The researchers are not calling for panic. Instead, they are calling for preparation. Health officials in vulnerable temperate regions should implement mosquito monitoring systems and train doctors to recognize chikungunya quickly by 2040. They should strengthen mosquito control and establish rapid-response plans before outbreaks occur. These measures are especially critical in temperate zones where the disease has never been a routine public health concern. Xu notes that limiting global warming and investing in basic preparedness could reduce the likelihood that future expansion becomes a major crisis. The time to act is now, while the threat is still theoretical and the window for prevention remains open.
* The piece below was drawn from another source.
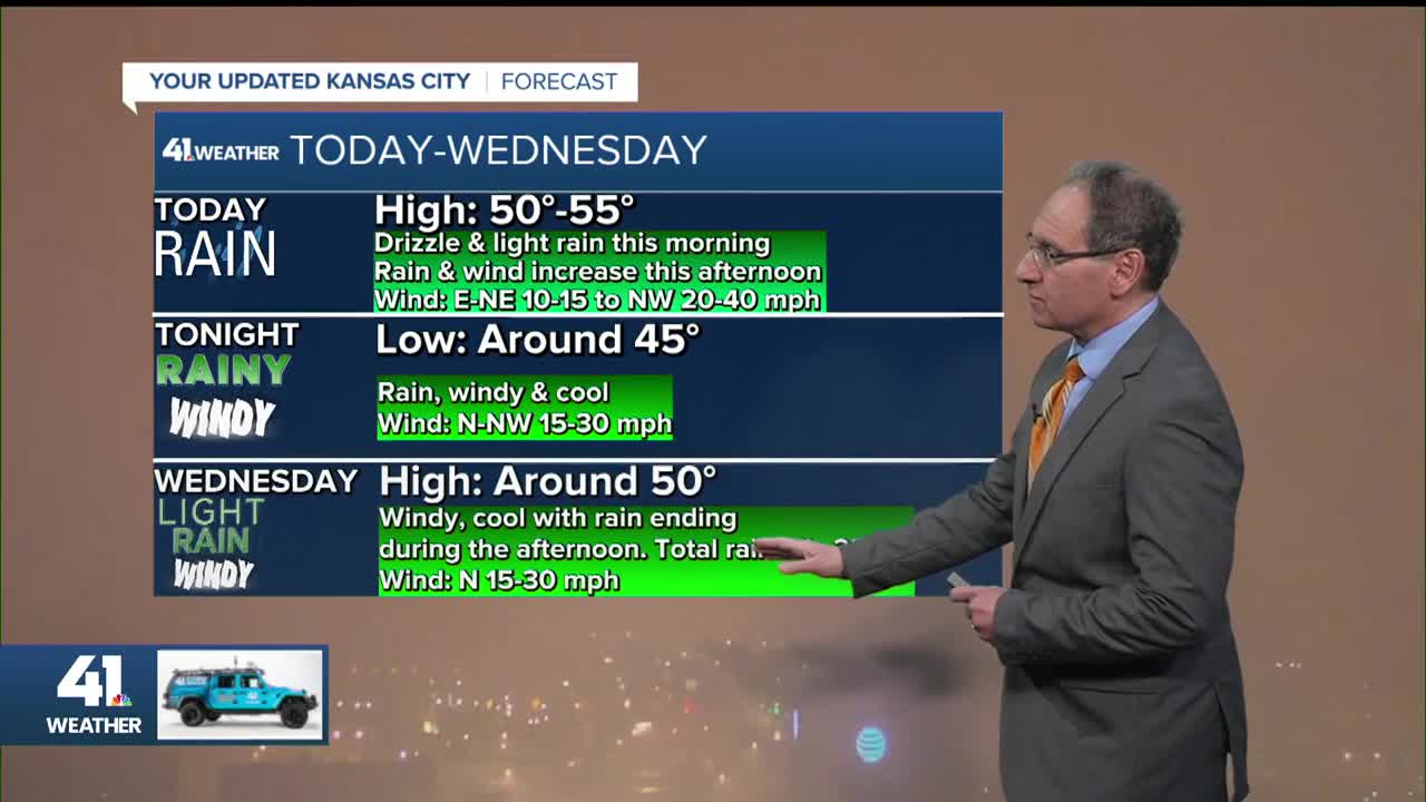 Wednesday: Rain and windy, ending by evening. Rainfall totals 0.50-1.50"
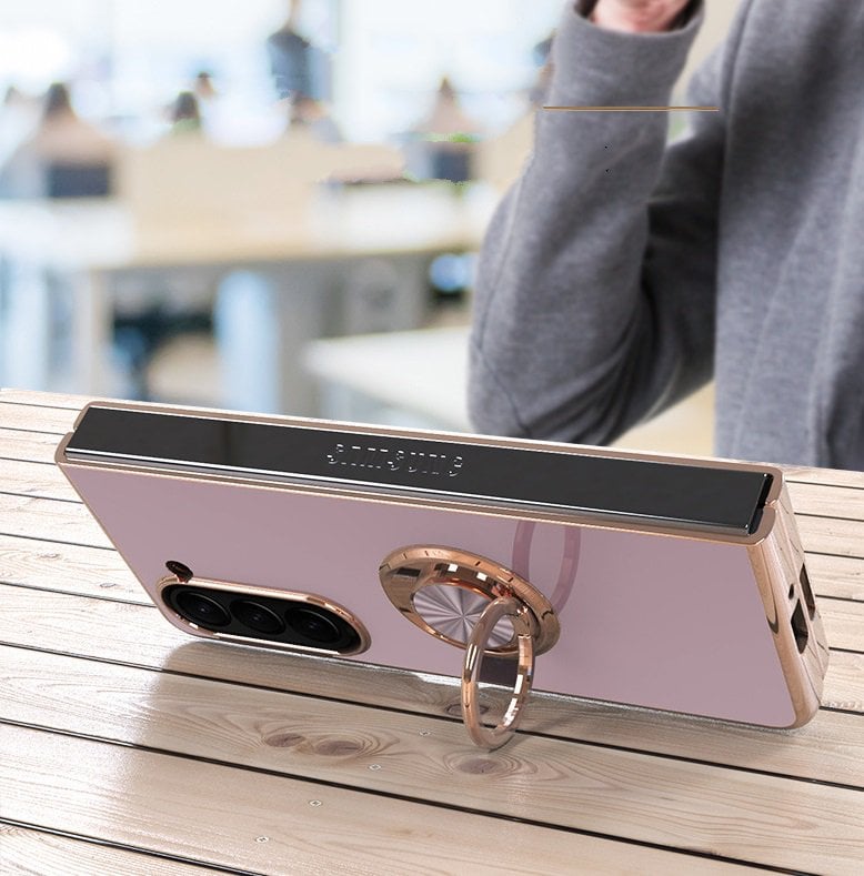 New 2023 Compatible for Samsung Galaxy Z Fold 5 Fold 4 Phone Case Ring Bracket Soft TPU Magnetic Suction Car Plating Shock-Proof Protector Case Cover for Samsung Galaxy Z Fold 5 Z Fold 4 Cover

The population should not panic, but health systems must prepare in advance.
— Dr. Ye Xu, Zhejiang University of Traditional Chinese Medicine
The Asian tiger mosquito tolerates cold better than the yellow fever mosquito, so global warming could allow it to establish itself in places that were previously too cold.
— Dr. Yang Wu, Guangzhou Customs Technology Centre
The Hearth Conversation Another angle on the story
Inventor

Why does the Asian tiger mosquito matter more than the yellow fever mosquito in this scenario?

Model

Because it tolerates cold better. As temperatures rise but winters remain cool in temperate zones, the tiger mosquito can survive where the yellow fever mosquito cannot. It's the bridge that lets the virus reach new latitudes.

Inventor

The 2005-2006 epidemic killed 254 people out of 266,000 infected. That's less than one-tenth of one percent. Why should we worry about a disease with such a low mortality rate?

Model

Because 254 deaths is 254 families. And because the real danger isn't mortality—it's the fever, the debilitating joint pain that can last for months, the strain on hospitals and healthcare systems. A disease doesn't have to be lethal to be catastrophic at scale.

Inventor

The researchers say to prepare by 2040. That's fourteen years away. Why not wait and see if the threat actually materializes?

Model

Because mosquitoes don't announce themselves. By the time you see cases, the vector is already established. Training doctors, setting up surveillance systems, stockpiling resources—these take time. You can't build them overnight when an outbreak is already spreading.

Inventor

Spain already has the tiger mosquito in 1,800 municipalities. Isn't the threat already here?

Model

The mosquito is here. The virus isn't—not yet. That's the distinction. The mosquito is a necessary condition, but not sufficient. You need the virus to arrive, usually through a traveler, and then conditions warm enough for transmission. Right now, Spain's winters are still too cold for sustained spread.

Inventor

What happens if we do nothing?

Model

The models suggest that by 2100, central Europe and northeastern North America become endemic zones. That means chikungunya becomes a regular seasonal disease, like dengue is in the tropics now. Healthcare systems would need to manage it year after year. Prevention becomes harder once it's established than before it arrives.